Using "Best-Effort" Traffic to Assist in Guaranteeing Bandwidths

The prevalence of "best-effort" traffic in IP networks has already been discussed. The presence of best-effort traffic in a network produces important advantages:

• It is likely that a relatively small amount of traffic in an IP network requires guarantees of QoS, and that the rest of the traffic requires best effort.
  
  
• If most of the traffic is best effort, good QoS can be ensured simply by giving precedence to the "higher classes" of traffic. The traffic requiring good QoS can be given the ability to "push" best-effort traffic out of the way, in order to provide good QoS for the premium traffic.
  
  

The second bullet explains why best-effort traffic is an advantage in providing QoS: it can be used to "cushion" premium traffic, ensuring that the premium traffic gets premium service. This scenario is the key to the "Differentiated Services" approach to service quality.

Figure 29 shows how differentiated services can work to ensure that premium traffic gets good service. The network operator allocates bandwidth to two classes of service on a particular link. Best-effort traffic is allocated B0, and the premium traffic is allocated Bp.

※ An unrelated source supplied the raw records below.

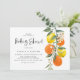 Convide familiares e amigos para o seu evento com este convite para chás de casamento botânicos. Ele apresenta ilustrações aquarelas de laranjas, limões, laranjas floridas e verde com um padrão de citros correspondente. Personalize adicionando o nome, data, hora, local, endereço e outros detalhes do evento. Este convite cítrico é perfeito para festas de casamento de jardim e de verão. Itens correspondentes estão disponíveis.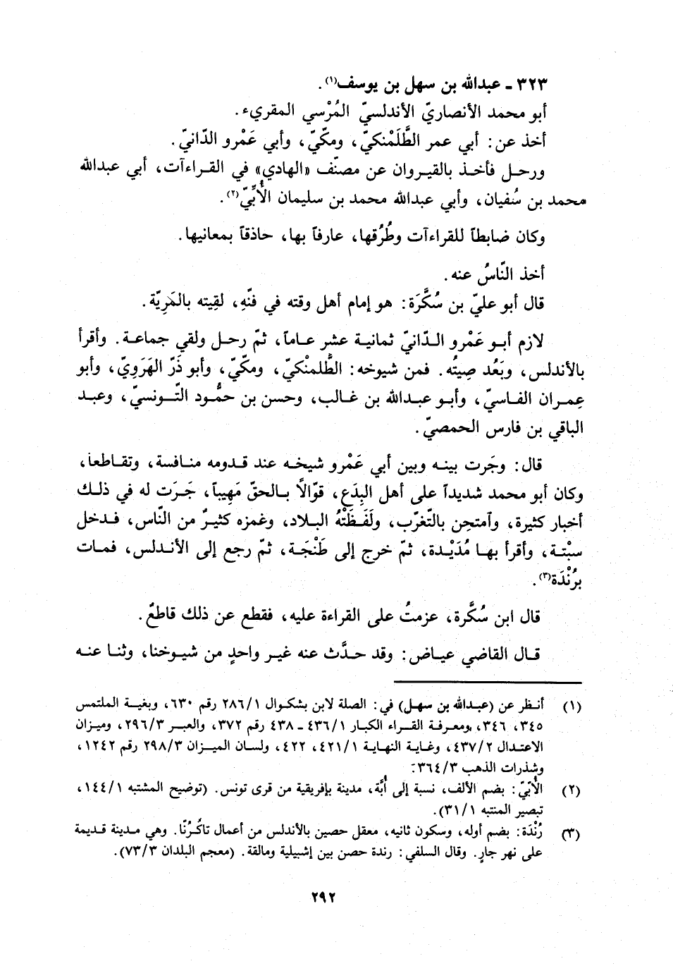 [1] انظر عن (عبد الله بن سهل) في: الصلة لابن بشكوال 1/ 286 رقم 630، وبغية الملتمس 345، 346، ومعرفة القراء الكبار 1/ 436- 438 رقم 372، والعبر 3/ 296، وميزان الاعتدال 2/ 437، وغاية النهاية 1/ 421، 422، ولسان الميزان 3/ 298 رقم 1242، وشذرات الذهب 3/ 364.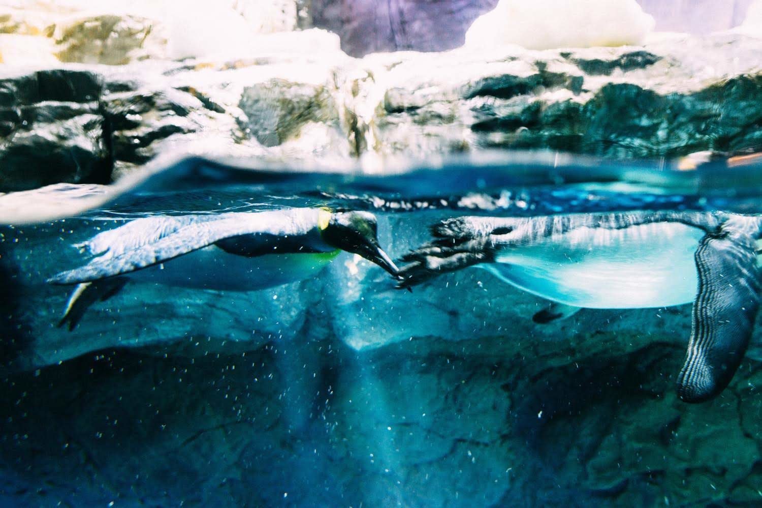 ちなみに人と撮ると明暗差と動きの早いペンギンのせいでだいぶイマイチに仕上がります。水族館での記念撮影ってそんなものだよね。人が写ってガラスが反射するか、人が真っ暗で魚が写るか。

Note that Bp is greater than the estimated bandwidth of premium traffic, meaning that the premium traffic gains access to its required bandwidth even if the actual requirement is much greater than the estimated requirement. The best-effort traffic guarantees almost nothing—after all, it is best effort traffic, meaning that the best-effort traffic can have bandwidth denied in order to meet the requirements of premium traffic. This scenario occurs for most of the time in Figure 29: the best-effort traffic does not get all the bandwidth that it could use. On the other hand, all the premium traffic is carried. Using this method, differentiated services can give excellent QoS to premium traffic, under two conditions:

• A substantial amount of traffic is best-effort traffic.
  
  
• An estimate can be made of the premium traffic load on the link, so that a larger value Bp can be allocated in proportion¹².
  
  

Since almost all IP traffic today is best effort, and IP traffic loads are growing much faster than other traffic, for example, circuit-switched voice, the first condition is likely to hold in future networks. Unusual cases where this doesn't hold are discussed in the section "What if There Isn't Much Best-Effort Traffic in My Network?." The second condition is easy to meet, and this topic is discussed next.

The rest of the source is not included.